At the beginning of the study, Jeffrey Shuren, director of the Center for Apparatus and Radiological Health (CDRH), said that the agency tried to determine the cause of the inaccurate test results, but still did not know these problems because of differences in blood. samples are collected, tubes are used to hold blood or a change in the way samples are processed.

As part of the investigation, the FDA inspected BD facilities in Franklin Lakes, New Jersey, where it produces Vacutainer blood collection tubes for three weeks in May and June.

"Our inspection has shown that BD has violated the law by making major changes to certain devices ... without notifying the FDA and not following good manufacturing practices," said Donald St.
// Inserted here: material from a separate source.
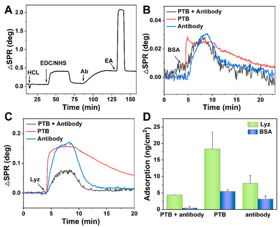 Figure 4. SPR spectrogram monitoring response shifts during the antifouling sensor modification process (A). SPR spectrogram of BSA (B) and lysozyme (C). Statistic column of the adsorption amounts of the modified antibody PTB, PTB, and modified antibody on the bare Au surface (D).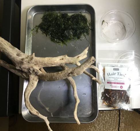 流木は角度が決まったら一回取り出して、ウィローモスとミクロソリウムナローリーフを巻きつける作業へ。

Pierre, Deputy Director of Evaluation. new products on CDRH. The FDA also stated that BD had not investigated a 2015 Magellan complaint regarding "observed negative bias" in test results with Magellan's LeadCare test systems when using Vacutainer tubes.

"Your company did not record this information in the complaints system, did not evaluate the complaint to determine whether this was a reportable event, or started an investigation into the complaint," the FDA wrote.

Although the FDA has stated that changes in the composition of rubber stoppers used with Vacutainer tubes may cause new interference with laboratory tests and lead to biased results, the agency said it was uncertain.

In a statement released on Friday, Richard Byrd, president of BD's pre-analytical systems, said the company was working with the FDA and thought the company was responding fully to the agency's inspection observations.

Update on BD spraying

On Friday, the FDA also announced that BD has stopped using rubber stoppers in its syringes, which reduces the power of the drug.

In September 2015, the FDA warned health professionals against the use of BD general-purpose syringes with compounded or reconditioned drugs stored in syringes due to the potential of drugs that interact with the rubber stopper in the syringe.

Although the FDA has approved approved syringes for general aspiration and injection of fluids, they are not authorized to be used as closed container storage systems for pharmaceuticals.

Now the FDA has declared that BD has stopped the rubber stopping material with regard to the power loss of the medicine and has returned with a rubber stopper used in other syringes.

Healthcare professionals should contact BD to determine if specific batches of syringes contain the new caps.